I have just (yesterday) installed emacs and am in the process of learning the very basics of its usage (I have never used emacs before, but I am maybe on the way to switch from SciTE and lua to emacs and elisp).

In between I mean to have already gained some basic understanding how emacs works under the hood and if I got it right there must be a lisp function there which is taking all keystrokes from user in order to dispatch them to other functions if the keystrokes are representing a keyboard shortcut or to the buffer if not, but was not able to find any information which one it is yet.

Is my understanding of how emacs handles user input the right one?

Or are the user input events (keystrokes, mouse action) sent by the OS to the emacs window dispatched by the emacs binary to the commands after being in a first stage internally evaluated by the binary, so there is no elisp script there which receives them all?

UPDATE responding to comment by Drew:

I have started to read the recommended documentation https://www.gnu.org/software/emacs/manual/html_node/elisp/Command-Overview.html but if I understand it right there should be somewhere an elisp function read-key-sequence so I should be able to find it using:

~ $ locate read-key-sequence

or if this fails

~ $ grep "defun read-key-sequence" $(locate -b *.el)

but both of the above commands fail to find something.

Is this a hint that the read-key-sequence is hard coded in the emacs binary and not available as elisp code which with appropriate modification would be able to trigger an own elisp script receiving all the user input as it comes in?

  • Do C-h f self-insert-command: that's the command that's bound to most keys. Its effect is to insert the character corresponding to that key into the buffer. The basic notion is that of a keymap: a keymap maps a key (which may actually be a key sequence) to a command, so what Emacs does is figure out what key was pressed, look it up in a keymap and call the command that corresponds to it. There are all sorts of complications, but that's a decent high level view and a good approximation to the truth.
    – NickD
    Mar 15 at 20:13
  • @NickD : keymap called using C-h b is a great help to get an overview of key bindings. What I don't understand is why M-p is not mentioned in that list? Where I can find the description what M-p does? Calling C-h k -> M-p results in the response that M-p is not defined ... but I can get the last command retrieved using it, so it is defined ... Hmmm ...
    – Claudio
    Mar 15 at 23:32
  • The thing is that there isn't just one keymap: different buffers may have different major modes and each major mode has its own keymap. It may be that you have a buffer in Fundamental mode e.g. and the keymap for that mode does not have a binding for M-p. But if you try to do M-x something, you end up in the minibuffer which has its own keymap and in that keymap there is a binding for M-p.
    – NickD
    Mar 16 at 0:40
  • I recommend that you go through the Emacs tutorial (C-h t) and read the manual (C-h i g(emacs)) in tandem. There is no royal road to Emacs...
    – NickD
    Mar 16 at 0:43
  • I am more or less through C-h t . I will check out Ch i g(emacs) ...
    – Claudio
    Mar 16 at 0:46

1 Answer 1


You really should just ask a single question at a time, and not modify that question over time, but I want to address this part:

… but both of the above commands fail to find something.

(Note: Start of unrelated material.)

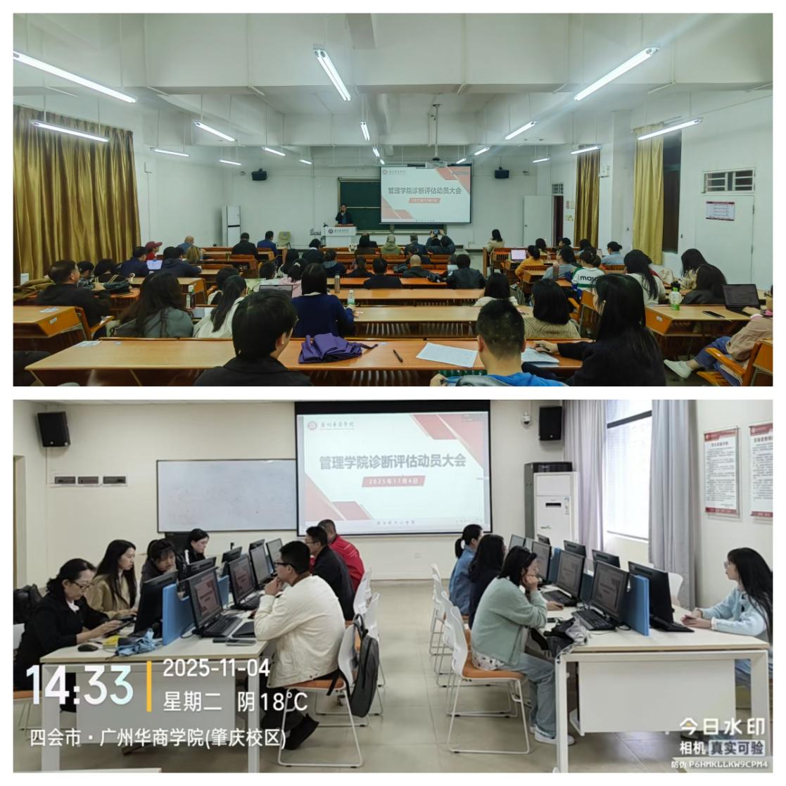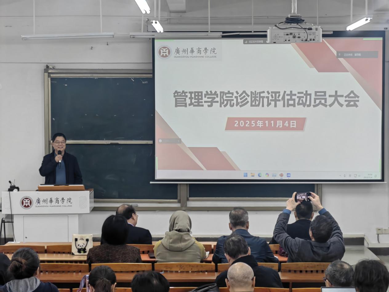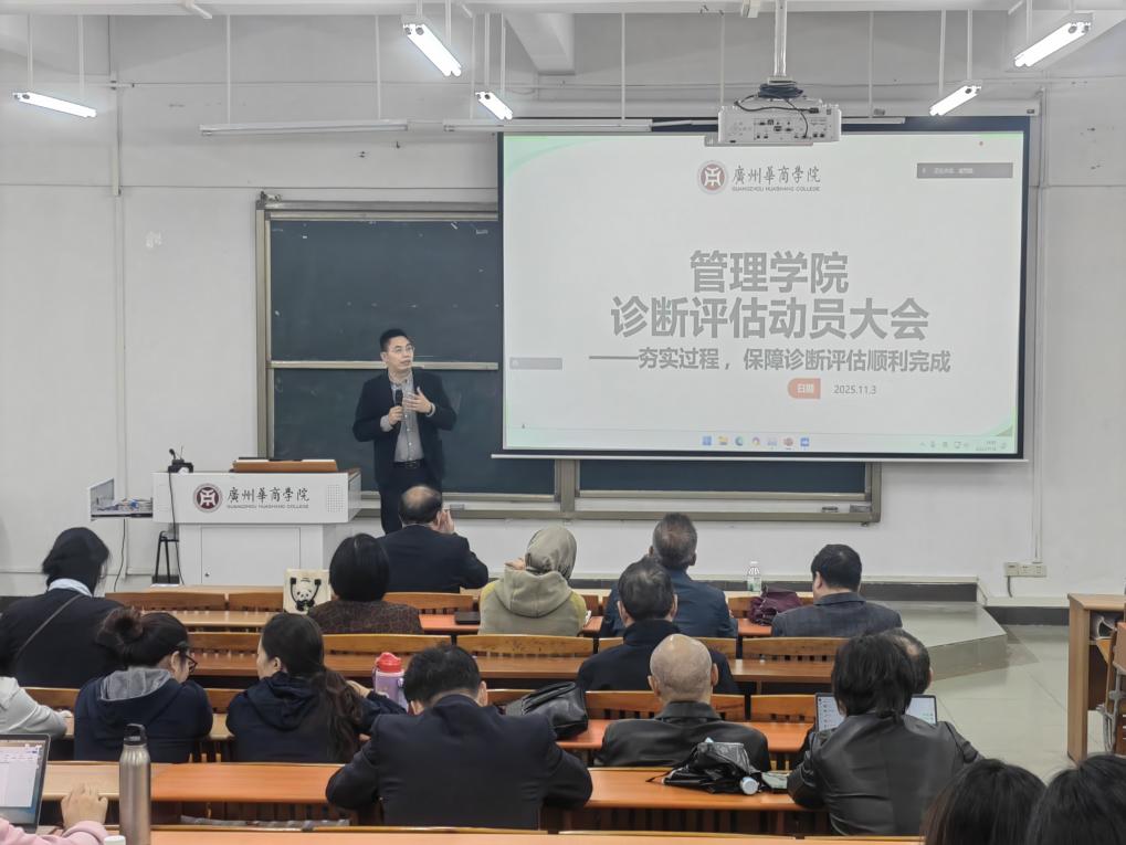 为全面迎接2026年教育部本科教学工作合格评估,扎实做好预评估各项准备工作,2025年11月4日,管理学院在广州校区与肇庆校区同步召开了管理学院诊断评估动员大会。会议系统阐释了合格评估的重大意义、核心要求与关键任务,全面部署了诊断评估阶段的具体工作安排,进一步统一思想、压实责任、激发干劲,为高质量通过教育部本科教学工作合格评估奠定坚实基础。刘少波副校长出席会议并讲话,袁仕海副院长作工作部署,史传林院长就评估工作进行总结和重点强调,学院领导班子成员及全体教职工参加了会议,会议由院长助理潘思媚主持。

Is this a hint that the read-key-sequence is hard coded in the emacs binary and not available as elisp code …

To find more information about a function that someone tells you about, use C-h f. It will prompt you for a function name, with autocompletion. If you put in read-key-sequence you will get a help buffer that says “read-key-sequence is a function defined in keyboard.c.”, and then goes on to describe the arguments it takes and to quote the documentation for it.

Note that the filename is always a link that you can click on to jump directly to the source code for the function; in this case it is a Lisp function which is defined directly in C. The C source code is not generally installed, so very likely this will prompt you again for the location of the source code. Just point it to a copy of the source code that you have downloaded or checked out from git.

To get back to your original question, the low–level keyboard handling is done in C, with different code for when Emacs is using a GUI toolkit like GTK or is inside of a terminal. There is a middle layer made of Lisp functions mostly written in C, like read-key-sequence and read-char, plus some Lisp variables like unread-command-events. There is a layer of Lisp code on top of that which implements Emacs’s built in Input Method Editors.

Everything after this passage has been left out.